The easiest way to decide is to just use them all. In other words use every point on every edge of the target area.  Depending on the resolution of the map this would be hundreds, or even thousands, of points.  This would make the bounding polygon incredibly accurate but it isn't terribly practical to send hundreds of points from the client to the server or to store hundreds of points in the database for each and every data granule.  It might be practical, however, to create a bounding octagon using the corner points of the target area and the midpoints of every edge.   This produces somewhat better results for the examples discussed so far but still not terribly good results.   For the quarter orbit example the coverage of the octagon is especially poor in that it doesn't cover the pole, which is nearly the center of the area, and isn't even an octagon. Instead of an octagon one ends up with two triangles and a quadrilateral because some of the "sides" of the octagon cross (Figure 13).  To compensate for this one might produce a decagon which would take care of the pole, but still not cover the entire area, which may lead to false negatives.  So one might then produce a dodecagon to make sure the international dateline is covered.  And this will work for this example.

In general one has to make sure the "bounding" polygon is maximized so it truly is bounding. To do this one has to compare the area covered by the candidate polygon to the area it is meant to bound and make sure the latter is enclosed by the former. In other words one has to compare the two areas in order to determine if one of them is a good enough representation of the other in order to compare it to a third area which has similarly been determined to be a good enough representation of yet a fourth area.  This is absurd.
 

Quarter orbit - attempted octagonQuarter orbit - decagon 
Quarter orbit - dodecagonCorner point quadralateral - North Polar Stereographic 
Figure 13:  For the quarter orbit example an attempt to construct an octagon (upper left) using the corner points and the midpoints of every side results in weirdness.  A decagon (upper right) specially constructed to include the pole still misses some of the data coverage area.  A dodecagon (lower left) constructed to include the international dateline covers the entire area but is concave, which is awkward.  Meanwhile a simple quadrilateral on a North Polar Stereographic projection (lower right) is convex, which is nice, and covers the entire area with little empty space, which is also nice.
 
As mentioned above the bounding polygon strategy is a step in the right direction but it doesn't go far enough.  By failing to be explicit about the projection the strategy is still tacitly relying on the ECE projection which causes problems.  Being explicit about the projection, however, makes the bounding polygon strategy less problematic because it is now an (x, y) bounding polygon.  Free to use any projection whatsoever the developers can pick the projection on which the target area is most compact and tidy which results in a bounding polygon that is easier to define and easier to manipulate.  For the users area of interest the obvious choice is simply the projection the user chose and already drew a nice polygon on.  For the data coverage area the choice may not be so obvious but the best choice is probably the projection the data are already in.
 

Polygon Comparisons

Of course when using bounding polygons instead of bounding boxes the area comparisons can no longer be accomplished via the simple boolean expressions used for the bounding boxes.  Moreover the bounding polygons for the user's area of interest and the data coverage area are likely to be in different projections.  Well developed methods exist for checking if two polygons overlap but those methods only work if the two polygons are in the same coordinate system.  Finding a common projection on which to do the area comparisons could be a problem since the same (lat, lon) corner points on a different projection can define a much different polygon.

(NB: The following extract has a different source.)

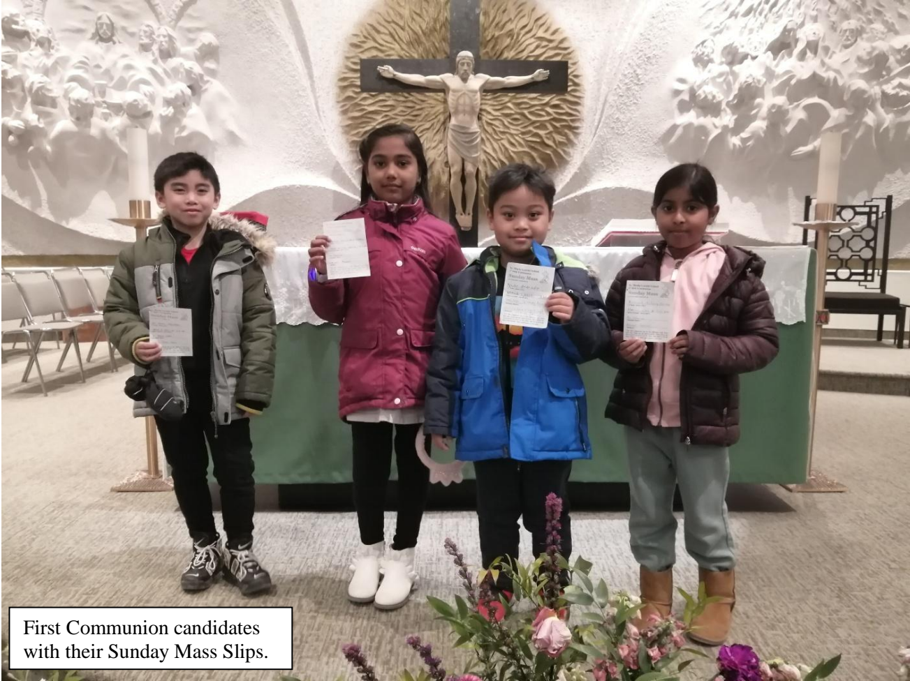
First Communion candidates with their Sunday Mass Slips.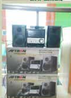
Electronics Item (Aftron brand)

Fortunately this is not much of a problem.  One way to handle the area comparisons is to use every point along every edge of the area to be converted as a corner point in the new projection.  This will result in a new polygon in the new projection with hundreds of corners, a strategy that was dismissed above as impractical.  The concerns above, however, were that it is impractical to send hundreds of points describing the users area of interest from the interface to the server, and it is impractical to store hundreds of points describing the data coverage area for each and every data granule in the database.  Now, however, information about the projection is being sent from the interface to the server, and stored in the database for the server to retrieve.  With this information the server itself can compute the points it needs on the fly and use some polygon comparison heuristic to compare the two areas, which are now terribly well defined, on a common projection.  Since these hundreds of points are neither sent nor stored the objections above don't apply.  Accuracy can be increased arbitrarily by increasing the resolution of both maps and accepting the consequent performance hit.

Another good way to handle the area comparisons is to employ a tiling scheme.  In this scheme the Earth is sliced up into "tiles" and the search algorithm determines the tiles covered by each area.  The two lists are then compared.  Since it is comparing lists, not areas, this scheme doesn't care if the two areas are not on a common projection.  Accuracy can be increased arbitrarily by making the tiles smaller and accepting the consequent performance hit.

Unfortunately determining the tiles covered by a given area on a given projection is often just as difficult as converting it into the corresponding area on a new projection.  Instead of converting from (x, y) on the original projection to (lat, lon) on the earth to (x, y) on the new projection one must convert from (x, y) on the original projection to (lat, lon) on the earth to some tile identifier.  The tile identifier could be anything because the tiles themselves could be completely arbitrary.  Indeed one way to tile the earth is to draw random closed curves on a globe and give all the areas of intersection a unique identifier.  The transformations from (lat, lon) to tile identifier can then be accomplished via a simple lookup table.
 
Obviously that's not a terribly good way to tile the earth if one wishes to control the accuracy of the search. Because the lookup table is static the only way to increase the accuracy of the search is to create another tiling, with smaller tiles, and another lookup table, with more entries. In order to provide a range of accuracy levels a "complete" set of tilings and lookup tables would be required which can quickly become cumbersome.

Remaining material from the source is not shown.